Giraffe Leung Lok-hei has visited up to 30 banks in the past two years, most of the time carrying a single HK$100 (US$13) note with him.
The 26-year-old remembers queuing for up to nine hours to exchange the money for a mass of 20-cent coins, a rare request that often perplexes members of staff.
“They would ask: ‘Are you a vendor? What do you use the coins for?’”
“And I would answer: ‘For art’,” Leung says, laughing.
“Then comes the lonely and tiresome journey dragging a suitcase full of copper home.”
His somewhat bizarre artwork features coins, white sandalwood leaves and handwritten traditional Chinese characters, all of which were once prevalent in Hongkongers’ daily lives but now “rendered obsolete by social development”, according to Leung.
For the coin paintings, the millennial artist uses chemicals that cause rusting, and the creative process usually takes months of working – and waiting.
Leung has completed 12 such works since 2017, each crafted using tens of thousands of coins, depicting iconic Hong Kong scenes with a nostalgic touch, such as the HSBC lion statues in Central and horse racing, the sport of colonial origins that still grips the city.
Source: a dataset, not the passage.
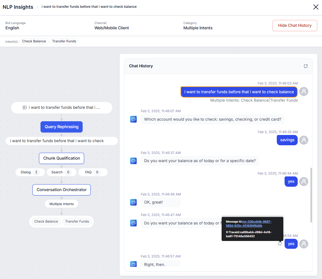 - Click the Message Id to view the X-Trace Id and K-Trace Id associated with a message in the Chat History.

“Even for someone as young as me, it’s evident that Hong Kong is changing more and more rapidly. I wish to remind people of the value of things that existed and played a role in our lives,” Leung says of the messages behind his creations.
For Leung, keeping these memories is a way of taking back control in an efficiency-oriented society that “pushes people to move on without asking their will”, where there is little room to slow down and learn from the past.
He chooses the 20-cent coin as the medium because of its unique shape, whereas the leaves represent the city’s diminishing green areas, and handwritten characters symbolise the challenges the form faces in the digital era.
Describing himself as a “very local” artist focusing on social issues, Leung says his favourite work involving the coins is the one portraying the Queen’s Pier, a colonial heritage site once located in Central and demolished between 2007 and 2008 in spite of protests.
“I was 14 at the time, and I watched the pier being destroyed. But I couldn’t understand why people went on hunger strike and refused to leave. It seemed like overreacting to me,” Leung recalls. “Only when looking back did I realise that it was my first memory of civil disobedience.”
Another artwork he mentions is one that compares the skyline of Central with Sham Shui Po’s, the poorest region in Hong Kong.
To amplify the contrast, Leung created the image of Central with dollar coins instead of the lower monetary value of the 20-cent pieces.
“The implications may be subtle, but quite relatable for Hongkongers. Some netizens commented that my works tell stories,” Leung says, adding the internet was the place where his name somehow came into fame.
When Leung quit his interior designer job and started making art two years before, the college graduate had no connections to the art community, so he decided to post his works on LIHKG, a forum website popular among the city’s youth.
With the first post attracting over 1,000 replies, Leung has managed to sell five coin paintings to online buyers so far, while planning his first exhibition in the coming months.
“I watched him rising from nobody to having these opportunities, it’s hard not to admire his perseverance,” says Ken Cheng, 25, Leung’s college friend.
“I knew he had great ideas, but I didn’t think he could make it – not many artists can after all.”
Leung, who has also been taking freelancing design jobs and teaching at workshops, is to enroll in a master’s degree programme in creative art later this year.
“It’s a requirement from my parents, who still have doubts about what I do,” Leung says. “Sometimes in order to do what you really want, there has to be compromise.”